Среди игравших Денисов увидел Мацея, поэт играл в паре с худощавым, в очках, блондином, занимавшимся йогой на пляже. Игра у Мацея не ладилась, партнер делал вид, что его это не трогает, бесстрастность, однако, давалась ему с трудом.
Денисов подождал, пока Мацей и его партнер проиграли, -это не заняло много времени.
— А-а, сосед… — Мацей был расстроен, даже не пытался это скрыть. Он направлялся домой. Шли рядом. — Данные у меня неплохие. И реакция. Я знаю. Практики мало! Восемь лет вообще не брал в руки ракетку. А до этого — от случая к случаю. Правда, в детстве занимался. Юношеский разряд… -Мацей достал трубку. — Спички с собой?
— Нет.
— Потерплю. — Огромный живот колыхнулся, Мацей предпочел его не заметить. Надвинул шапку на глаза.
Мимо двухэтажных корпусов, бильярдной они двигались в направлении столовой, к финским домикам.
— Теннисные мячи… — спросил Денисов, помолчав. — Всегда белые?
— Наши всегда. Других я в продаже не видел.
— А зеленые? Точнее, нежно-зеленые? — Он процитировал Ланца.
— Пушистые… — Мацей кивнул. — По-моему, их привозят.
— Видели?
— Только раз. У игрока экстра-класса.
— Здесь? В Коктебеле?
— Веда играла, мастер спорта. Приезжала на несколько дней.
— В этом году?
— Весной.
— Вы знакомы?
Они прошли мимо плаката: «ТИШЕ! ПИСАТЕЛИ РАБОТАЮТ!» Впереди была узкая тропинка к дому Мацея, идти вдвоем по ней было невозможно. Денисов успевал задать три — максимум четыре вопроса, при условии, что Мацей ответит сразу и коротко.

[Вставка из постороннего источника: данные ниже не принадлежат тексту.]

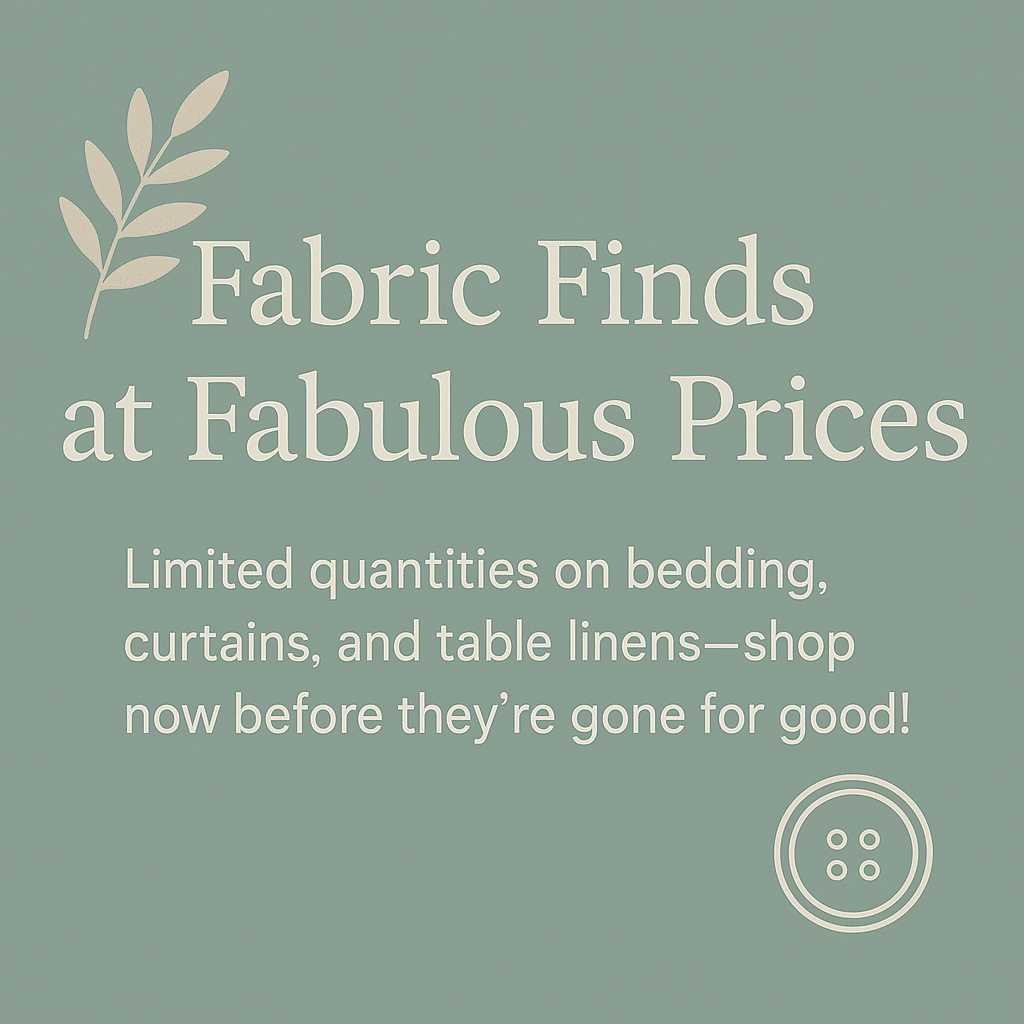 We’re offering incredible deals on some of our favorite fabric finds—bedding, curtains, pillows, table linens, and more! Quantities are limited, and once they’re gone, they’re gone for good. Now is the perfect time to refresh your space with beautiful, high-quality pieces at unbeatable prices. Shop the outlet section today and grab your favorites before they sell out!

— С Ведой? Она из Харькова, но живет в Минске. — Поэт, как назло, тянул, был не в меру обстоятелен. — Режиссер на «Беларусьфильме». Да вы тоже знаете наверняка, видели по телевизору. Собственно, она и сейчас здесь. Позавчера прилетела. С мужем. Но играть не приходит. Не с кем и неинтересно.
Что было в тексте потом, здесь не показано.